Skillv1.0.0

ClawScan security

Bear Notes · ClawHub's context-aware review of the artifact, metadata, and declared behavior.

Scanner verdict

SuspiciousFeb 11, 2026, 8:20 AM

Verdict: suspicious
Confidence: medium
Model: gpt-5-mini
Summary: The skill's instructions match its stated purpose (using grizzly to manage Bear notes) but its published metadata omits required binaries/install and environment details; installing the third‑party grizzly tool via `go` and storing a Bear token in a file are coherent for functionality but the metadata/instruction mismatches and install-from-GitHub raise moderate risk.
Guidance: This skill appears to do what it says (control Bear via the grizzly CLI), but there are metadata inconsistencies and an install-from-GitHub step to be aware of. Before installing: - Confirm you trust the grizzly repository and its maintainer (github.com/tylerwince/grizzly). Review the source or the release used rather than blindly installing '@latest'. - Expect to provide a Bear API token; store it with restrictive file permissions (chmod 600) and consider using a dedicated token with limited scope if available. - Be aware grizzly may open a local callback URL (localhost) to receive data — ensure that port is not exposed and that you understand what will listen on it. - Ask the skill author/platform owner to correct the published metadata to declare the required binary and env vars, and to provide an explicit, versioned install step rather than 'latest'. If you cannot verify the repository or are uncomfortable granting access to a Bear token, avoid installing the CLI and instead interact with Bear manually.

Review Dimensions

Purpose & Capability: noteThe SKILL.md describes exactly what the skill claims to do (use the grizzly CLI to create/read/manage Bear notes).

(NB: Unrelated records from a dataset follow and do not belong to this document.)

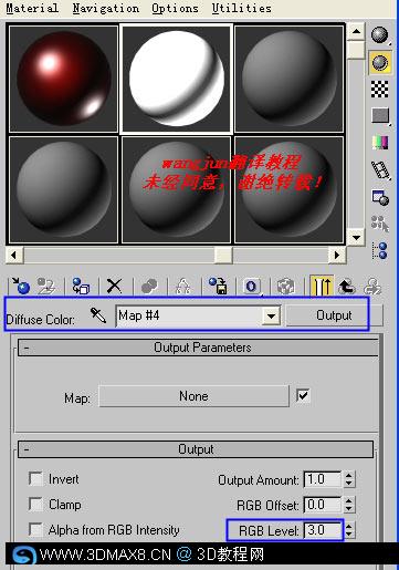 20、设置反光板的材质,在Diffuse贴图中选择Output材质类型,并设置其RGB level为3.0,如图。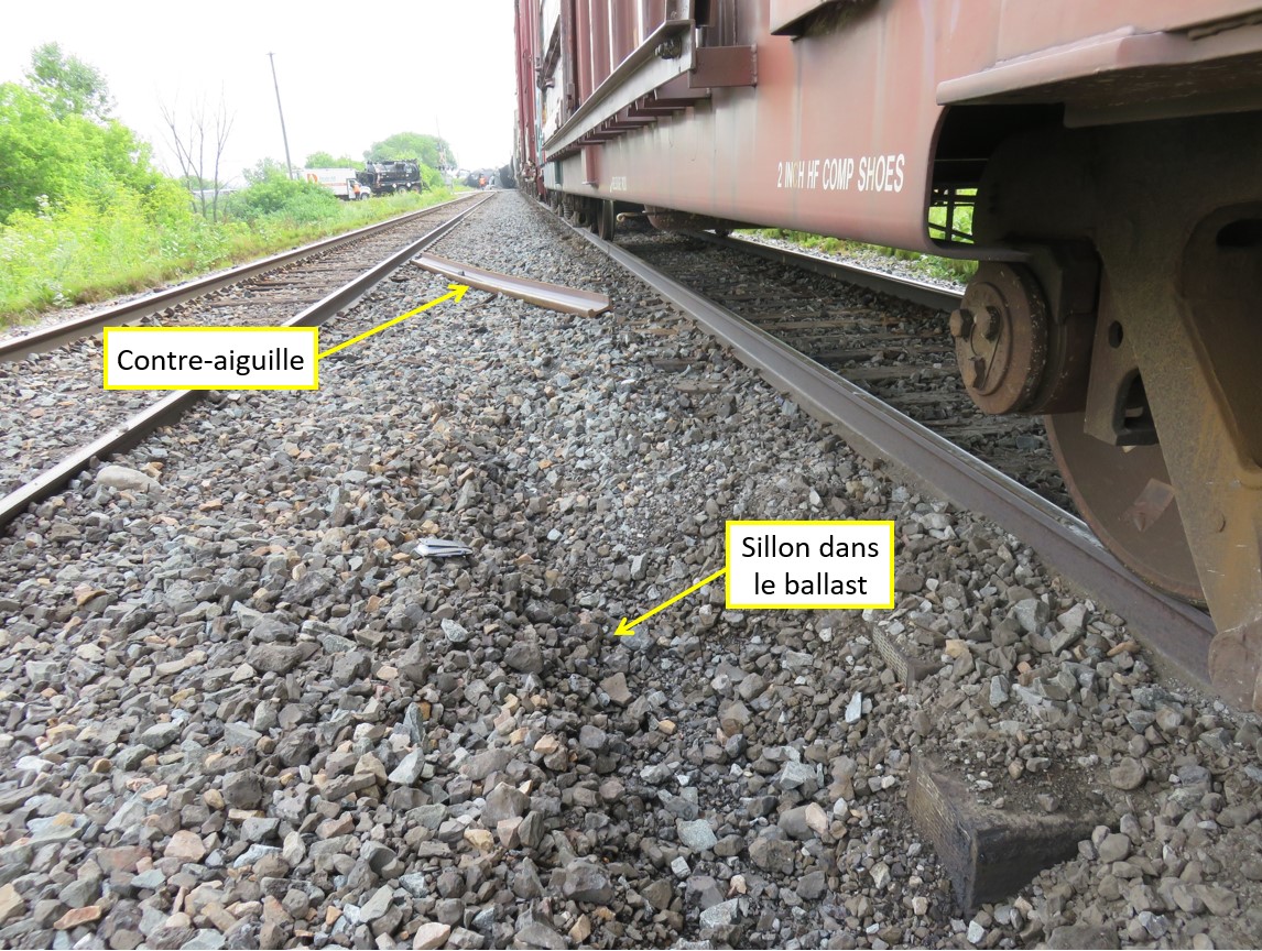 - Le contre-aiguille a été placé au-dessus des traverses plutôt que sur les supports de fixation latéraux du wagon. L'enquête n'a pas permis de déterminer pourquoi le contre-aiguille n'avait pas été installé sur les supports de fixation latéraux du wagon conformément à la méthode du CP.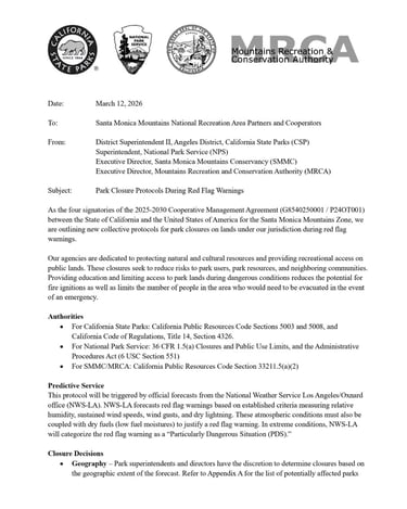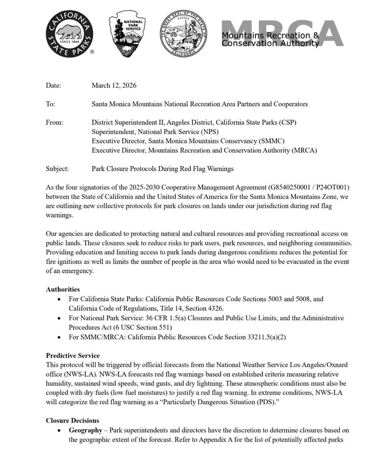 The memorandum, dated March 12, 2026, and signed by top officials from California State Parks (CSP), the National Park Service (NPS), the Santa Monica Mountains Conservancy (SMMC), and the Mountains Recreation and Conservation Authority (MRCA), standardizes how closures will be handled across more than 150,000 acres of public lands in the Santa Monica Mountains Zone.
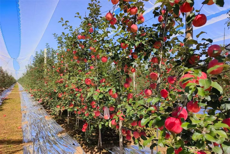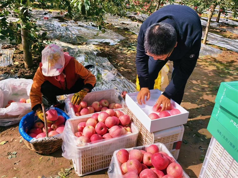 “今年雨水充足、管理到位,苹果个头大、颜色艳、口感甜,收购商早就预订好了。现在每天能采摘上千斤,收入很可观。”果农王师傅一边分拣苹果,一边笑着说。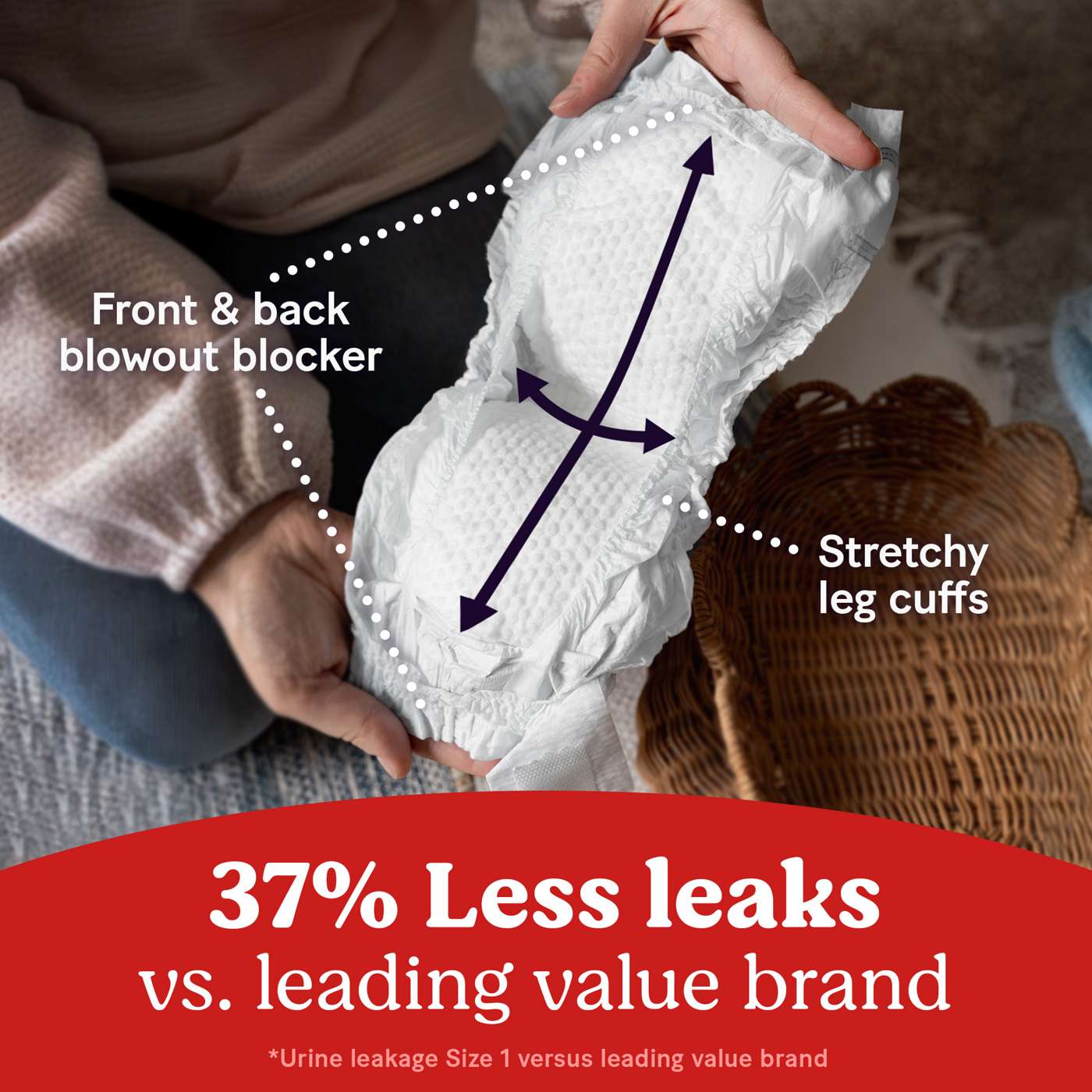 • A soft, back pocketed waistband helps prevent leaks and blowouts and helps keep mess away from your baby's skin

However the registry metadata shown to the platform omitted the requirement for the 'grizzly' binary and a token file; the SKILL.md includes a clawdbot metadata block that does declare a go install for grizzly. This mismatch between published metadata and the runtime instructions is inconsistent and should be corrected.
Instruction Scope: noteRuntime instructions stay within the Bear/grizzly scope: they use the grizzly CLI, reference Bear's API token (in ~/.config/grizzly/token), and local callback URLs (localhost). There is no instruction to read unrelated system files. Note: the agent (or user following the instructions) will need access to the token file and possibly to .grizzly.toml in the home directory; those are sensitive and must be protected.
Install Mechanism: noteThe registry metadata said 'no install spec', but SKILL.md contains metadata to install grizzly via 'go' (github.com/tylerwince/grizzly/cmd/grizzly@latest). Installing a third-party Go module from GitHub is a common but non-trivial action: it fetches and builds remote code (moderate risk). The install source is a GitHub repo (traceable) rather than an opaque URL, which is better, but 'latest' can change over time and could pull malicious changes if the repository is compromised.
Credentials: concernThe skill in the registry declared no required env vars, yet SKILL.md documents environment variables (GRIZZLY_TOKEN_FILE, GRIZZLY_CALLBACK_URL, GRIZZLY_TIMEOUT) and requires a Bear API token stored in ~/.config/grizzly/token for several operations. This is proportionate to the stated purpose (Bear API needs a token) but the platform metadata should declare that a credential/file is required. Also, storing tokens in a file means the agent or any process running as the user could read it—handle permissions carefully.
Persistence & Privilege: okThe skill does not request elevated persistence (always: false). It is user-invocable and allows model invocation (platform default). Nothing in the skill attempts to modify other skills or request system-wide configuration changes.